За убийством Кирова, которое вполне могло быть делом рук самого Сталина, последовала свирепая репрессивная кампания, включавшая помимо прочего массовые аресты в самом Ленинграде. Эта кампания также стала предлогом для качественного сдвига в государственной политике – окончательного одобрения внесудебных казней в качестве наказания за терроризм. Эта мера применялась, даже если подозреваемый был бывшим соратником Ленина. Ежов, чья бдительность и преданность не вызывали сомнений, по крайней мере у самого Сталина, получил расширенные полномочия и возможность вести расследования в отношении бывших оппозиционеров. Он утверждал, что ему удалось раскрыть целю серию “контрреволюционных блоков”, зиновьевцев и троцкистов, действовавших заодно с правыми уклонистами, бухаринцами, белогвардейцами и шпионами. Когда в 1936 году Ежов возглавил, наконец, Народный комиссариат внутренних дел СССР, дело против Зиновьева и Каменева было готово. Тогда же начался новый виток арестов и допросов. Зимой 1936–1937 годов чистка была произведена в рядах самого НКВД[624]

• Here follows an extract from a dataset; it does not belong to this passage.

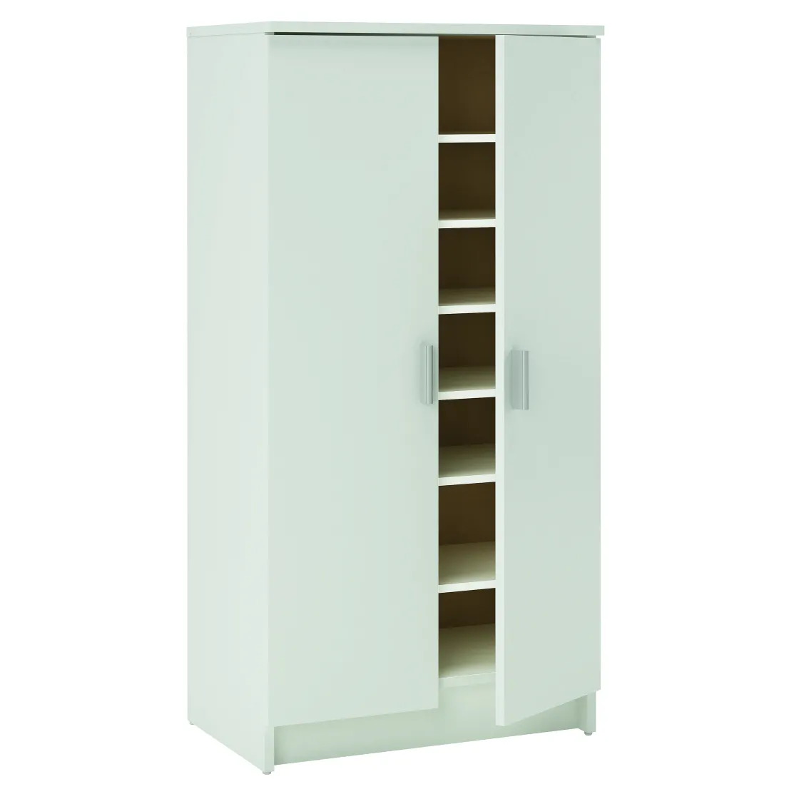 Deze Multifunctionele, Witte Schoenenkast Met Twee Openslaande Deuren Is Voorzien 6 Verwijderbare Legplanken Met Ieder Een Afmeting Van 51X29 Cm. De Handvatten Zijn Afgewerkt In De Kleur Grijs.

.С 1936 года нить исторического повествования начинает расползаться, а его рациональная составляющая становится все более туманной. История советского террора столь противоречива, что не всегда можно точно ответить на вопрос о том, какие именно цели и задачи он преследовал на том или ином этапе. “Авторство” Сталина, включающее сам факт наличия его подписи на тысячах смертных приговоров, больше не вызывает никаких сомнений, как не вызывает сомнений персональная ответственность Ежова. Практически поголовное истребление наиболее видных представителей ленинской элиты было частью систематической политики, и, с точки зрения Сталина, оно ознаменовало решающий этап в давно вынашиваемом им стремлении к неоспоримому единоличному верховенству. Именно с этим стремлением Сталина подчас были связаны аресты “вредителей”, “шпионов”, “врагов”, “диверсантов” и “террористов” на местах, хотя иногда они казались зловеще логичными и в контексте существовавших социальных и экономических обстоятельств. Но так же верно и то, что отдельные проявления этого разворачивающегося на глазах массового явления не всегда находились под чьим бы то ни было контролем. Среди наиболее вероятных объяснений хаоса, которым сопровождался террор, стоит упомянуть социальные и административные перемещения, личные счеты и конфликты, тлеющие годами, утомительную в своей бесконечности текучку бюрократических кадров, а также противоположные краткосрочные практические цели различных бюрократических органов[625]
.Однако детали, которые могли показаться случайными и которые на самом деле нередко были незапланированными, отнюдь не всегда были бессмысленными. Некоторые процессы широко освещались, например показательные политические судебные процессы – так называемые Московские процессы, первый из которых, суд над Каменевым и Зиновьевым, состоялся в августе 1936 года. Другие происходили при практически полной секретности, по ночам, узников привозили в закрытых грузовиках. Эти грузовики – печально знаменитые “черные воронки” – были иногда закамуфлированы нанесенными на борт надписями “Мясо”. Однако в общем и целом основное воздействие этих процессов было логичным и последовательным. Иными словами, какие бы планы ни вынашивали различные проводники репрессий, к каким бы методам ни прибегали, кумулятивный эффект от их работы, с точки зрения жертвы, был последователен и един. Его идейное содержание было простым, и его отлично передают приведенные выше слова бывшего заключенного: “Вы ничто, вы пыль”.
Британские и североамериканские историки недавно показали, что чистки 1930-х годов коснулись лишь ограниченного числа социальных групп[626]
. “Он же не член партии, не еврей, почему его арестовали?” – обычно таким вопросом задавались ленинградские рабочие в то время[627]. Чистки играли на популярном представлении о “нас” и “них”, о верхушке и элите, противопоставленной массам[628]. Казалось, что больше вероятность быть расстрелянным была у представителей элиты. Все остальные “мы” могли продолжать жить, закрывая глаза на происходящее, беспокоясь лишь о том, где бы достать хлеба и проворачивая махинации, позволяющие разжиться дополнительными пятью метрами жилого пространства. Откровенно говоря, Большой террор 1937–1938 годов подтвердил эту точку зрения. Его самыми заметными жертвами стали политические активисты, большая часть которых была большевиками, экономическими и гражданскими управленцами (к концу 1930-х почти все они также были членами партии), служащими вооруженных сил (и снова члены партии пострадали больше других), и в меньшей степени, интеллектуалами различного толка, верующими, художниками, писателями и поэтами[629].